Abbiamo parlato della difficoltà che noi abbiamo a vivere con interesse e partecipazione la presenza delle folle che attorniavano il Signore. Esse spesso sono per noi un fastidio, ci fanno paura, ci sembrano troppo grandi e confuse, portatrici di problemi.


Vorrei riprendere questo tema prendendo lo spunto da quanto sta avvenendo proprio in questi giorni a poche centinaia o migliaia di chilometri da noi, nel Nord Africa.


Come sappiamo il 15 gennaio il presidente della Tunisia Zine El Abidine Ben Àli è fuggito dal Paese, scacciato dalla forte protesta di piazza. La scintilla era stata accesa il 4 gennaio da Mohamed Bouazizi, un giovane tunisino di 27 anni, venditore ambulante di frutta e verdura che ha deciso di darsi fuoco pubblicamente in segno di protesta dopo che la polizia gli aveva confiscato la merce, la sua unica fonte di sostentamento. Era un giovane che aveva studiato e non trovava lavoro, e che alla fine decide con le poche economie che aveva di comprare un po’ di verdura per venderla in strada. Ed ecco che la polizia arriva e gli dice “tu non hai il permesso” e si prende tutta la roba. La sua vita viene troncata di colpo, così, mentre sta lottando per vivere, e allora si è dato fuoco. Un gesto assurdo e disperato, ma che ha suscitato una ondata di intensa emozione in tanti giovani arabi che condividono la stessa difficoltà di vivere e di costruirsi un futuro migliore.

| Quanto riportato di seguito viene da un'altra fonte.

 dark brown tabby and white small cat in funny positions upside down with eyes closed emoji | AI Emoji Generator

Questo fatto ha suscitato un forte movimento di protesta in Tunisia. Dopo 11 giorni di manifestazioni di piazza, represse con una relativa durezza (i morti sono stati un centinaio circa) si è giunti ad una conclusione pacifica: un nuovo governo, pur con molte difficoltà, sta cercando di preparare il terreno, con l’elaborazione di una nuova Costituzione, per le prime elezioni libere che si dovrebbero tenere entro il 15 luglio.

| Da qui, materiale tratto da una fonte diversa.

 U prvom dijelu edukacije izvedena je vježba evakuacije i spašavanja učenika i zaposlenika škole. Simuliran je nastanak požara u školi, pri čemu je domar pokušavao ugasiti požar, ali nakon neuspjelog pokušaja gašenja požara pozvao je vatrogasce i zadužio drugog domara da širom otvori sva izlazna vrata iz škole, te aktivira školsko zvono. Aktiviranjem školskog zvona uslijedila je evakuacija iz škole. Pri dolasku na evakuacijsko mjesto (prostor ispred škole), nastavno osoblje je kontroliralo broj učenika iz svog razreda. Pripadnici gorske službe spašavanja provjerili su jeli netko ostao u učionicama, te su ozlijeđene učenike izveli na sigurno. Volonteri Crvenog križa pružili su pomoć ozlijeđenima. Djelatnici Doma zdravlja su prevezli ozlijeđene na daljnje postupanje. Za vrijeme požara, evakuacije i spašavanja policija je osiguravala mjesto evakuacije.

Dalla Tunisia la protesta antigovernativa si è propagata ad altri Paesi arabi: Egitto, Marocco, Algeria, Yemen, Iran e Libia, paese quest’ultimo nel quale, purtroppo, stiamo ancora assistendo ad un bagno di sangue: Gheddafi come è noto ha usato persino l’aviazione militare per bombardare la folla in piazza.


Punto comune a tutti questi movimenti è che le proteste sono dirette contro regimi autoritari che durano da decenni, com'è il caso di Tunisia (21 anni), Egitto (quasi 30 anni), Libia (42 anni), Yemen (21 anni), etc... Si tratta di società bloccate e senza prospettive, con un futuro coperto dalla cappa pesante del perpetuarsi di potentati corrotti, senza libertà e democrazia.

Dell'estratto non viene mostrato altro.